Second result: CNN.com Election 2004
3 to 4 years old, amazing.
Look for: java for palm os
First site is pretty good, pointing to the IBM WebSphere site.
But the second result is from 2002! (http://www.javaworld.com/javaworld/jw-05-2002/jw-0531-palm.html)
Search for: new england patriots score
First result OK, but second is from December 2007, and of course they have been playing in the post season since then.
To be fair, Google does get some other items spot on:
Look for: CES
Good, all from 2008
Look for: new season of lost
Good, most are recent
Look for: Iraq
Good, Wikipedia, CIA World Factbook, etc.
Look for: golden globe
Good, mostly points to main web sites.
I will say it again:
Yes, it is difficult when parsing random web text and HTTP headers to know with 100% certainty when the content was authored, for various technical reasons. References to dates might be in regards to discussions of past events, etc.

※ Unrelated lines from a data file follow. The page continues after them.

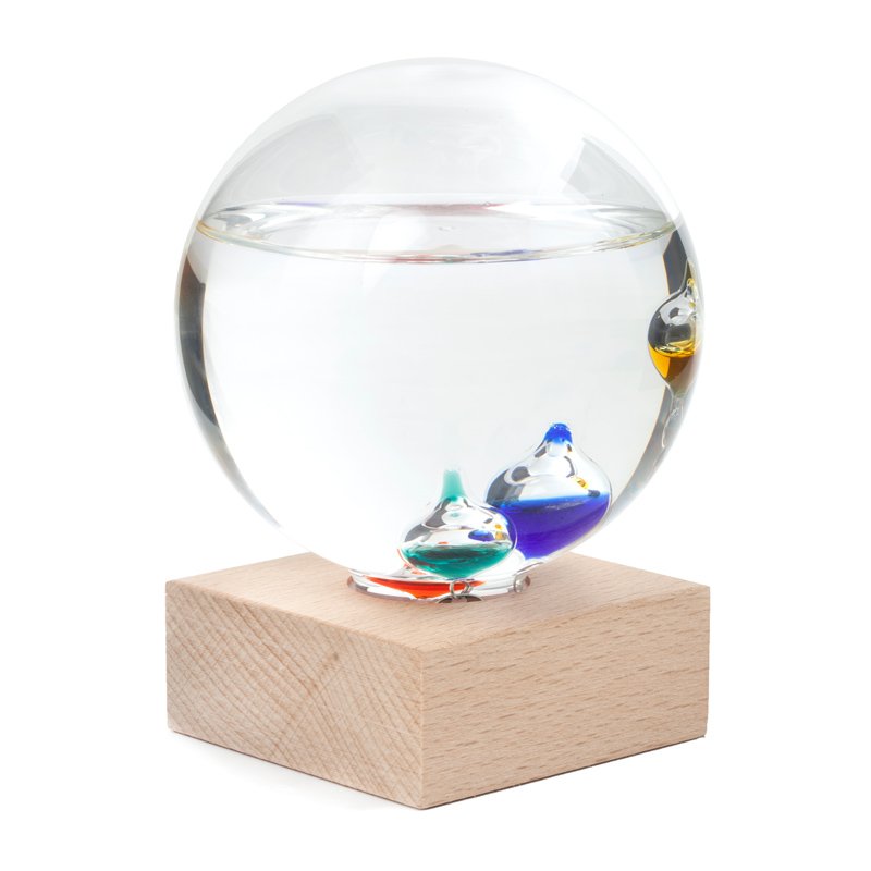 Cet objet fascinant est une merveilleuse idée déco pour le salon ou le bureau. Le thermomètre de Galilée est constitué d’une sphère en verre scellée contenant un liquide transparent et une série de bulbes remplis de fluides colorés qui montent et descendent en fonction de la température ambiante. Un pendentif avec un nombre est accroché à chaque bulbe. Les bulbes qui flottent indiquent la température actuelle dans la pièce. Le thermomètre de Galilée mesure des températures entre 16 et 28°.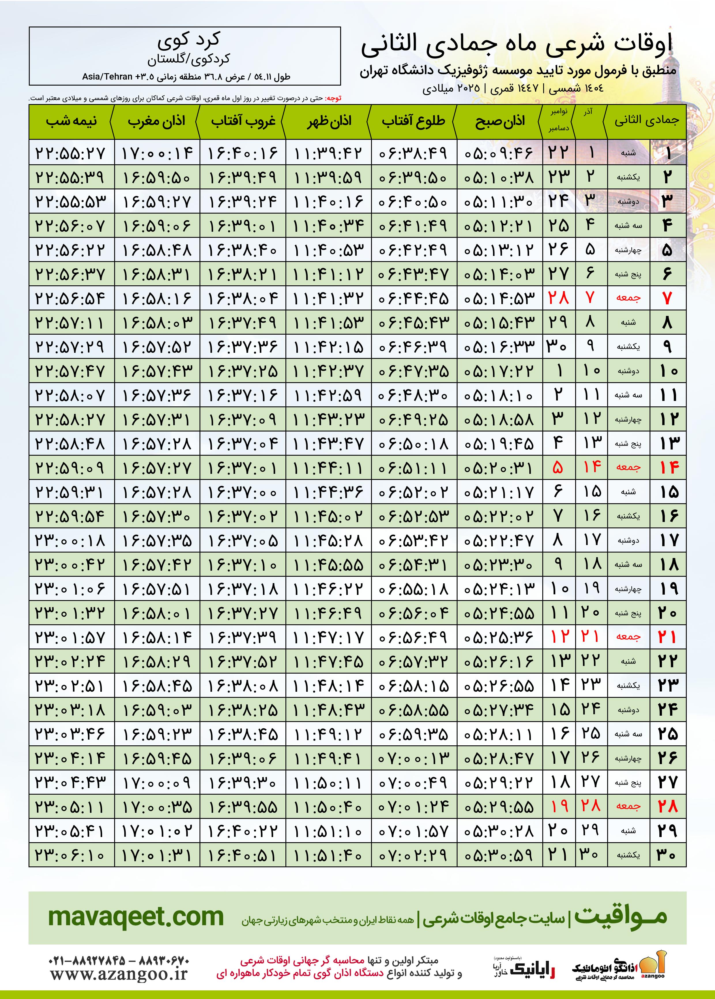 جدول اوقات شرعی جمادی الثانی ١٤٤٧ قمری شهر کرد کوی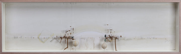 Madera de castaño, alambre acerado, cuerda. Montado en vitrina de madera de haya y cristal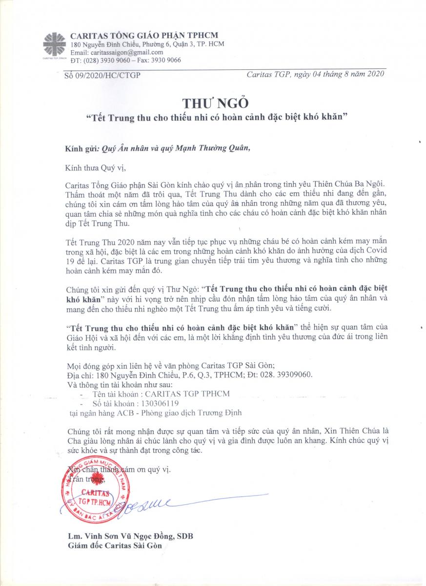 Số 09/2020/HC/CTGP Caritas TGP, ngày 04 tháng 8 năm 2020

BUT you can certainly figure out when the first time your spider saw that content. You might not know whether it was authored in February or June of 2007, but when it's 2009 you'll know it's at least 2 years out of date. This isn't quite as easy as it sounds, as the text on web pages change slightly, so raw "checksums" won't cut it. But I'm sure some smart guys from Stanford could figure *something* out.
And when 4 digit years are part of the URL, with other numbers that look like dates, that would often be another good hint.
Web content now goes back more than ten years. All engines need to keep this mind.
hey there.. checkout the relatively new date freshness parameters on GOOG Advance search... here are two blogs that reference some of the details:
Useful Google feature: better date search
http://www.mattcutts.com/blog/useful-google-feature-better-date-search/
Google Updates Date Search on Advanced Search Page
http://www.researchbuzz.org/wp/2007/09/05/google-updates-date-search-on-advanced-search-page/
Stay in touch,
John
Posted by: John Kane | January 15, 2008 at 08:47 PM